When Frisell talks about the instrument, he tends toward the mystical. “If you just pick up your guitar, there’s just immediately . . . something to do,” he tells me. “You play one note, and it’s like a question: What are you going to do next? The guitar will ask you the question. O.K., you play a note, and there’s the note. And then you push down on something else, and there’s the next one.”

I imagine an upstairs aerie above us—a forest of guitars, animate and conversational. The steel-string acoustic is idle on the couch. He takes it in his hands and starts to tune it. The mix of picked strings, lightly strummed chords, and harmonics sounds recognizably Frisellian. Still tuning, he tells me the story of the guitar. It’s a steel-string acoustic akin to the light-bodied Martins of the twenties and early thirties, made by Steve Andersen, a luthier in Seattle. It was a gift from his friend Gary Larson, the cartoonist, who lives in the city and who engaged Frisell to make music for a video adaptation of his comic “The Far Side.” “This is sort of the first really good acoustic guitar I ever had, and this is the guitar I kept coming back to during the pandemic,” Frisell says.

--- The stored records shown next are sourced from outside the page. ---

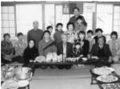
毎年2月に行う「モンゴルの旧正月を祝う会」。留学生と一緒に作ったモンゴル料理を食べながら、旧正月を祝います。

「私たちの活動をきっかけにして、モンゴルにも『モンゴル山口友好センター』が発足しました。これからは、センターと協力しながら、向こうに身障者が自立するための更生施設を作りたいと思っています。モンゴルは遠い国と思われがちですが、『近くて親しみのある国』として、交流の輪を広げていきたいですね」。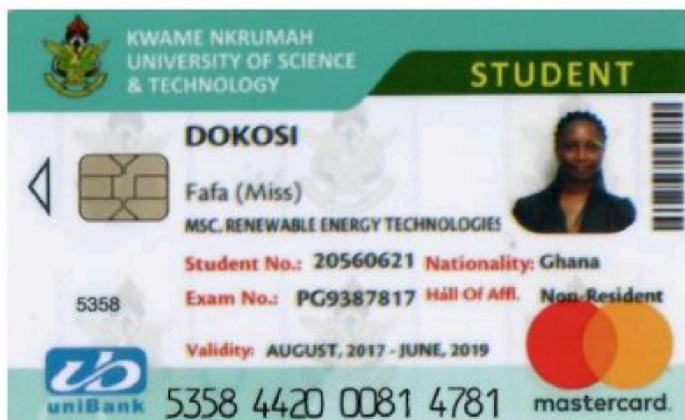
Obraz 1. Kwame Nkrumah University of Science and Technology w Ghanie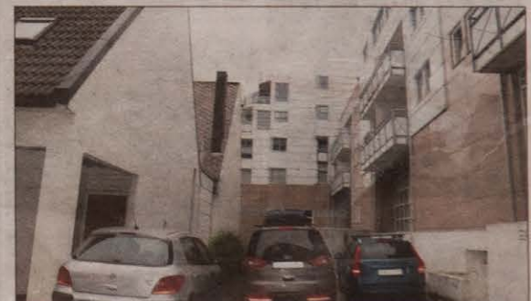
TETT: I forslaget fra Base Gruppen legges det opp til bygging på linje med dagens kirkebygg. Til høyre boliger i St. Olav 2 og 4.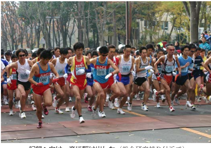
記録へ向け一斉に駆け出した(総合研究棟D付近で)

第26回つくばマラソン(主催:本学、つくば市、読売新聞社など)が11月26日、本学陸上競技場などをメイン会場にして開催された。今回は、史上最多参加者数を記録した昨年を249人上回る1万1268人が参加した。参加者はフルマラソンと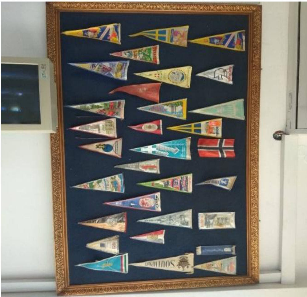
Εικόνα 2: Οι σημαίες από τις χώρες που λάμβαναν το σήμα της ΕΡΑ Πύργου

ραδιοφωνικό σταθμό. Ο ραδιοφωνικός σταθμός ΕΡΑ ιδρύθηκε ως ένας ιδιωτικός σταθμός. Το 1954 δημιουργήθηκε ένας σύλλογος ο οποίος αποτελούταν από 6 άτομα και στην συνέχεια το 1959 δημιούργησαν τον ραδιοφωνικό σταθμό ΕΡΑ. Όταν πρωτοξεκίνησε εξέπεμπε στα μεσαία κύματα. Η πρώτη τους κεραία τοποθετήθηκε στην Αγκινάρα στο Καταράχι όπου εκεί ήταν ήδη τοποθετημένη κεραία και ραδιοφωνικός σταθμός από τους Γερμανούς. Επέλεξαν το σημείο αυτό διότι το σήμα που εξέπεμπε ήταν άριστο και τα ραδιοκύματα ξεπερνούσαν τα όρια της Ελλάδας και έφταναν μέχρι και την Ευρώπη. Αυτό διαπιστώνεται και από το γεγονός ότι οι χώρες που λαμβάναν το σήμα αυτού του ραδιοφωνικού σταθμού τους έστελναν και από μία σημαία ως ένδειξη ότι τους ακούνε (εικόνα 2).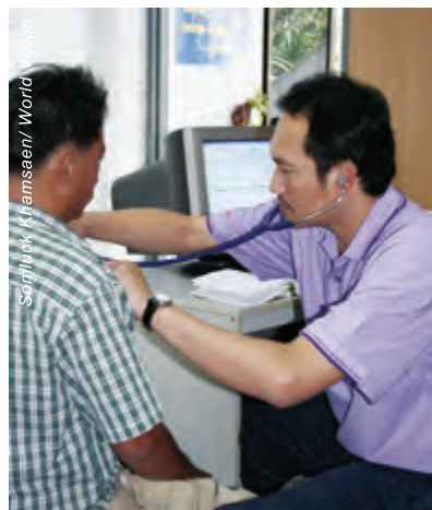
村民現時可以在附近的診所接受健康檢查及醫療服務。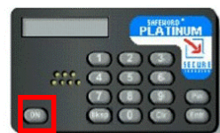
Front view of the new SafeWord Card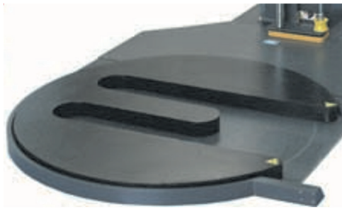
Entrada carga lateral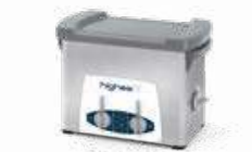
Highea 3 LAVAGGIO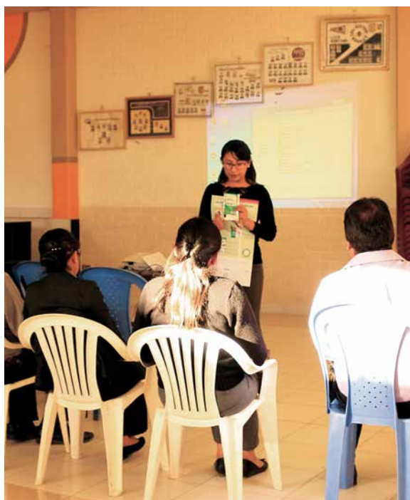
Reunión con director distrital y directores de unidades educativas de Tolata.

Antes de empezar este proceso que involucra directamente a los jóvenes, son necesarias las siguientes acciones preliminares que debe realizar el municipio con el apoyo de los promotores de brigada.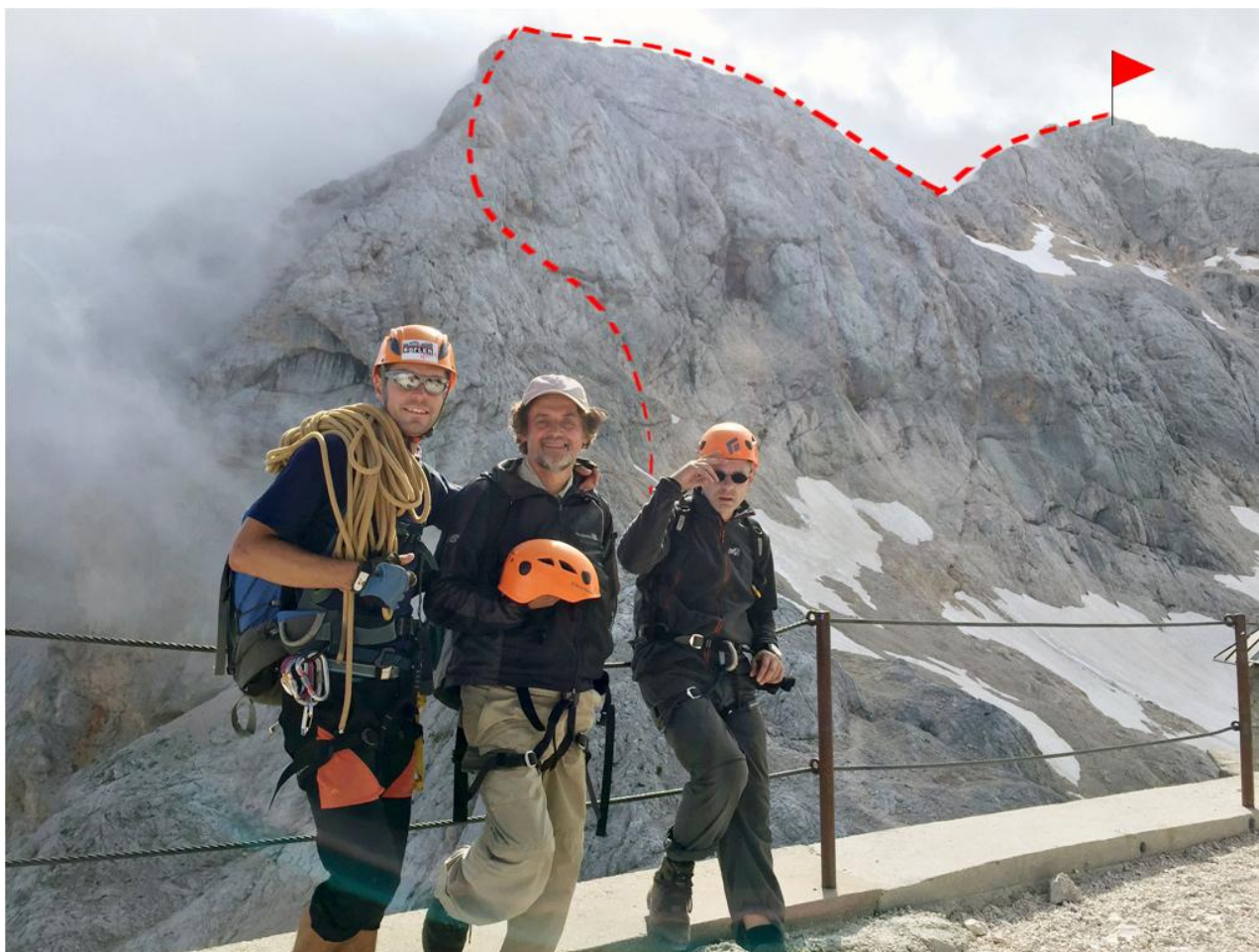
po įkopimo ant Triglavskij Dom na Kredarici 2515 m terasos. Už mūsų Mali Triglav 2725 m ir Triglav 2864 m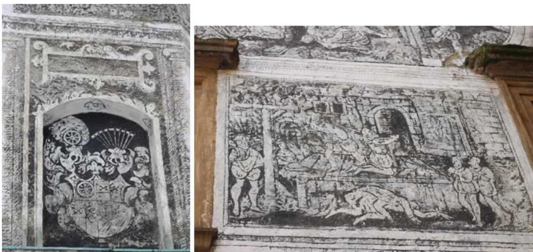
Obr. 4–5: Frýdlant, zámek, detaily sgrafitové výzdoby dolního zámku, jižní fasáda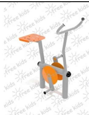
Fot.1 Przykładowe zdjęcie

Konstrukcja nośna oraz pozostałe elementy wykonane z rur stalowych ocynkowanych i malowanych proszkowo. Stopnice wykonane z blachy stalowej ocynkowanej i malowanej proszkowo. Nakrętki kołpakowe ocynkowane zabezpieczone przed odkręceniem, łożyska zamknięte bezobsługowe. Urządzenie powinno być wyposażone w amortyzatory gumowe tłumiące uderzenia.

He tunes a string up a microtone, picks it, and elicits a pair of ringing harmonics with a fingertip. “The harmonics—it’s like there’s this whole rainbow of overtones happening. I mean, it comes out in nylon string or gut string, too, but,” Frisell says, as he strums,“having played a steel-string guitar and hearing those overtones, your ear gets pulled there. So then when you play the nylon-string guitar you say, ‘Oh, that’s there.’

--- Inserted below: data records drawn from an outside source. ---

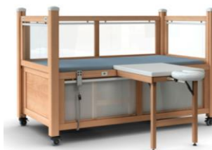
LEA plexi m/terapibord m/hodestøtte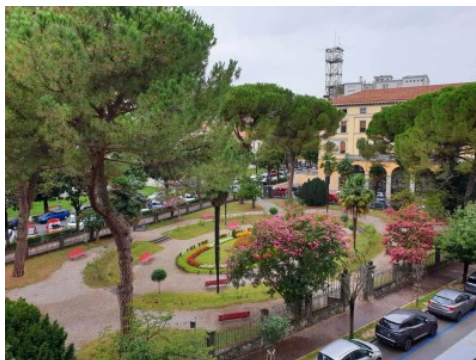
vista dalla terrazza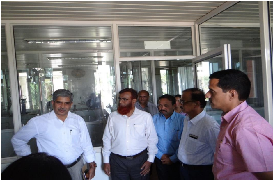
Freshers Welcome programme of 2019 batch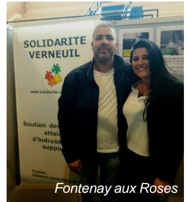
Fontenay aux Roses

Comme toujours, la maladie intrigue plus qu'elle n'inquiète et on s'aperçoit année après année qu'elle est toujours autant méconnue du grand public !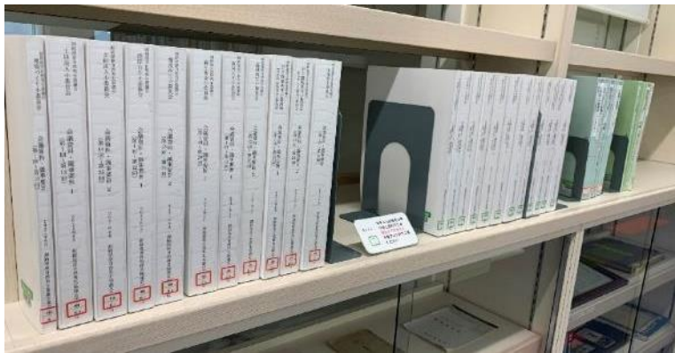
釧路市中央図書館 収蔵資料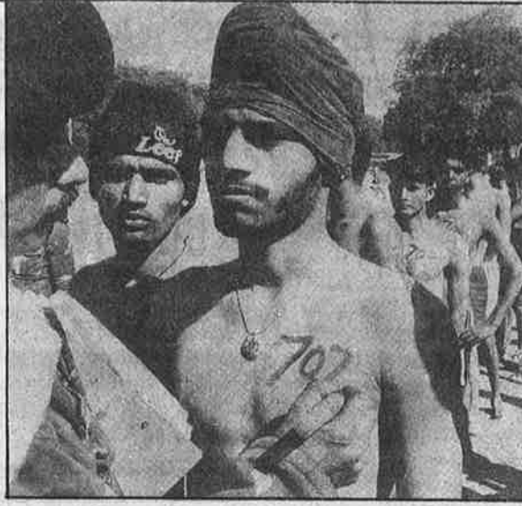
பட்ஜெட் பற்றாக்குறையைக் காட்டி அரசு வேலைகளுக்கு ஆளெடுப்பதற்குப் போடப்பட்டுள்ள தடை, இராணுவத்துக்கும், போலீசுக்கும் பொருந்தாது: பஞ்சாப் பாட்டியாலாவில் நடந்த இராணுவ ஆளெடுப்புத் தேர்வு.

● 22,327 ச.கி.மீ பரப்பளவும், 24 இலட்சம் மக்கள் தொகையும் கொண்ட மணிப்பூரில், அசாம் துப்பாக்கி படையைச் சேர்ந்த 13 பட்டாலியன்கள்; மத்திய ரிசர்வ் போலீசு படையைச் சேர்ந்த 8 பட்டாலியன்கள்; மணிப்பூர் துப்பாக்கி படையைச் சேர்ந்த 10 பட்டாலியன்கள்; இந்திய ரிசர்வ் படையைச் சேர்ந்த 4 பட்டாலியன்கள்; இந்த துணை இராணுவப் படைகளோடு இந்திய இராணுவத்தைச் சேர்ந்த 2 பிரிகேடுகள் நிறுத்தப்பட்டுள்ளன.

“That’s my excuse for having a bunch of guitars: one guitar will teach you about another guitar.” Frisell strums ultra-lightly, and calls forth a couple of blooming harmonics. “If you have that attitude, it’ll pull you.” He then strums the first two chords of “My Man’s Gone Now,” a tune from “Porgy and Bess” that he has made his own. “And you find ways of getting sounds that you thought weren’t there.

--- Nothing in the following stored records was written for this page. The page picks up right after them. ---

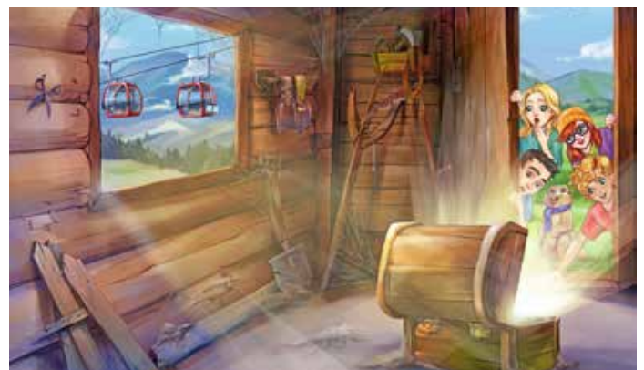
Cover des MounTeens-Detektivwanderbuchs „Der Schatz vom Imberg“

Informationen zum MounTeens-Detektivweg am Imberg: - Benötigte Utensilien: MounTeens-Detektivwanderbuch „Der Schatz vom Imberg“ und Holzmurmeln (an den Kassen der Imberg Talstation sowie in den Oberstaufener Tourist-Infos erhältlich) - Start und Ziel: Bergstation der Imberg Bergbahn - Länge: 3,9 km (mit 146 Hm) - Gehzeit: ca. 2,5 Stunden – je nach Rätsel- und Spielespaß - Ab 6 Jahren - Einkehrmöglichkeiten, Spiel- und Rastplätze entlang des Weges vorhanden Weitere Informationen zu den MounTeens und den Detektivwegen unter oberstaufen.de/mounteens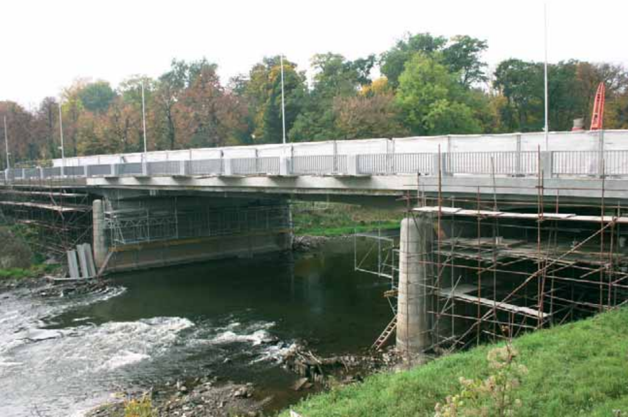
Opravy mostu přes Moravu a kolejiště pokračují i v listopadu.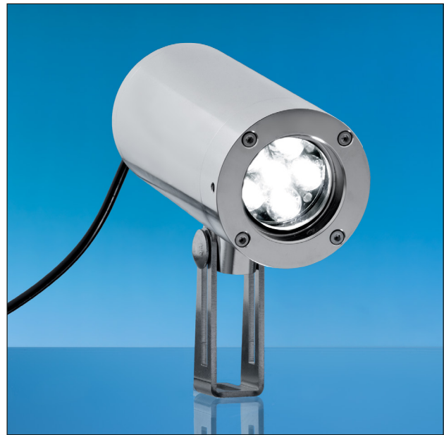
Lumistar Leuchte ESL 55-LED-Ex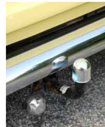
Det finns inte speciellt mycket nytillverkade delar just till denna modell men Klas kunde i alla fall köpa nytillverkade kromade stötfångare till pickupen.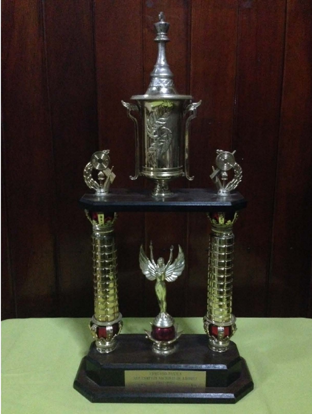
Subcampeón nacional de ajedrez.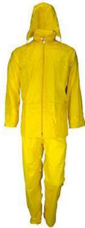
Traje de PVC (Galaxy)

“As we’re talking, I’m trying to get it in tune. I mean, you’re constantly trying to get ’em in tune. It’s never-ending.” He is still tuning as our conversation ends. A little later, when I cycle past Frisell’s place en route to another part of Brooklyn, I picture him inside—a man sitting on a couch with a guitar—and wonder what question the guitar is asking him.